EXERCISE GOAL: Here is the task for the records below: repeat exactly the lines from the one with "لوحة للفنان رؤوف" to the one with "Predám bezdrôtový odposluchový", both included, and nothing else.

EXTRACTED ENTRIES:
━━━━━━━━
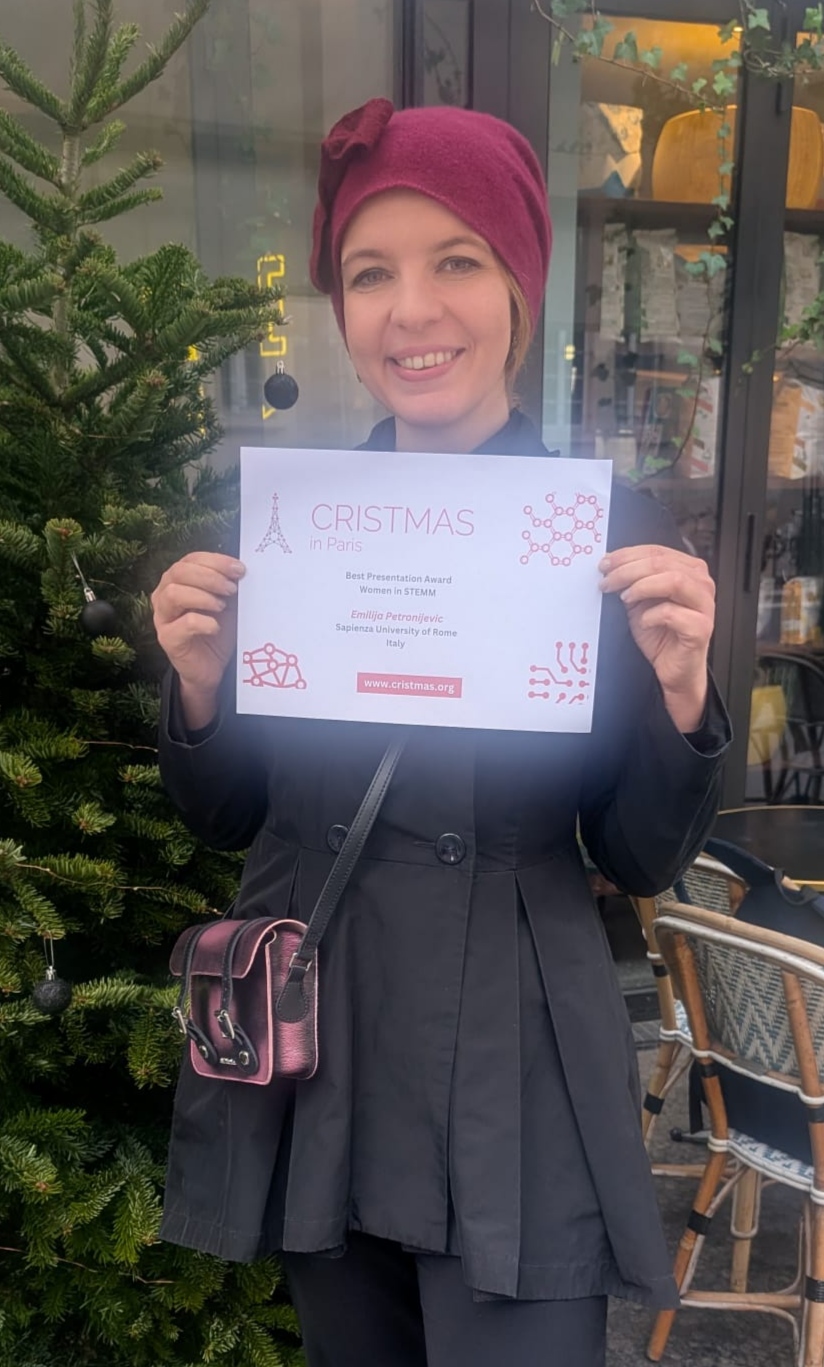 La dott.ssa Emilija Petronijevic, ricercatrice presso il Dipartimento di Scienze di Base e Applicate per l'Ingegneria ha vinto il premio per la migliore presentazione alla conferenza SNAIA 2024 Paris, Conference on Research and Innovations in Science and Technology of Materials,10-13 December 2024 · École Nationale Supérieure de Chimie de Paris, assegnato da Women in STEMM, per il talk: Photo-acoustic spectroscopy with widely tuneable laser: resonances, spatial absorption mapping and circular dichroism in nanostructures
━━━━━━━━
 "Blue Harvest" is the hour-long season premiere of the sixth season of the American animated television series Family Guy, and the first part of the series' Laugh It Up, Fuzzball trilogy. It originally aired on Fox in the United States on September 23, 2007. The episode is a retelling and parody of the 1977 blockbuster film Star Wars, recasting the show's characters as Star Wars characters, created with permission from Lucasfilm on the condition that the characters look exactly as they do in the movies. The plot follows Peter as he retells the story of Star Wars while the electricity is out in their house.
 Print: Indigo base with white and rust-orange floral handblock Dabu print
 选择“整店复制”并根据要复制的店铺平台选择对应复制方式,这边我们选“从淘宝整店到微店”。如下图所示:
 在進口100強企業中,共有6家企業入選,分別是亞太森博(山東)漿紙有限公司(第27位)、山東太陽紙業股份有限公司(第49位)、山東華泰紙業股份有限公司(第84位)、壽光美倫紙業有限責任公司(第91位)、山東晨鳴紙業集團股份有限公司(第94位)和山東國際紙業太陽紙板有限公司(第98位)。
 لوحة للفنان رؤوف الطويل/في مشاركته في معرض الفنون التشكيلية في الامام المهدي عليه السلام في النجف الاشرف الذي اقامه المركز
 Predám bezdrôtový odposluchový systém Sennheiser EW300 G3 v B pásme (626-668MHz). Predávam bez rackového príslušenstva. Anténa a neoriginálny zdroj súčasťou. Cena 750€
━━━━━━━━
RESULT:
 لوحة للفنان رؤوف الطويل/في مشاركته في معرض الفنون التشكيلية في الامام المهدي عليه السلام في النجف الاشرف الذي اقامه المركز
 Predám bezdrôtový odposluchový systém Sennheiser EW300 G3 v B pásme (626-668MHz). Predávam bez rackového príslušenstva. Anténa a neoriginálny zdroj súčasťou. Cena 750€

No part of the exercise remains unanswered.